# fishing the rigs



## redneck911 (May 15, 2008)

went to the rigsabout 50 miles out from ocean springs today cought 14 lane snapper coupleblue fish two tiger sharks about 6.5 or 7 ft long cought a couple mingo and some nice white trout i think we did pretty good but i would like to try to catch grouper and amber jack once i get to learn more i am chumming but i can't get anything but sharks and spade fish to get in the chum slick


----------



## Rag-Tag (Apr 20, 2008)

what exactly is 50miles out of Ocean Springs? I know there are quite a few possibilities as well as variables that could put my estimates way off. Were you 50miles out of Ocean Springs and like 40 out of the cut between the islands or 50 from the cut?
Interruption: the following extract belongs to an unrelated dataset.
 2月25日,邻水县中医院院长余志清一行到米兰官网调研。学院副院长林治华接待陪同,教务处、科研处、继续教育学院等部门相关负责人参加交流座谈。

Were you due south or SW or SE? Do you know the block number(s)? If not, how deep was it and what did the rig(s) look like? I have spent countless hundreds of hours in that area regardless of where you were but am very interested as to exactly where you were. Also, will be able to offer far more advice if I knew more about location. What size and type boat were you in?


----------



## redneck911 (May 15, 2008)

i was about 45 miles due south of the pass between petit boy and horn we were at rig 38 a i think it said berlys or something like that.i was in a 20 foot catamaran.


----------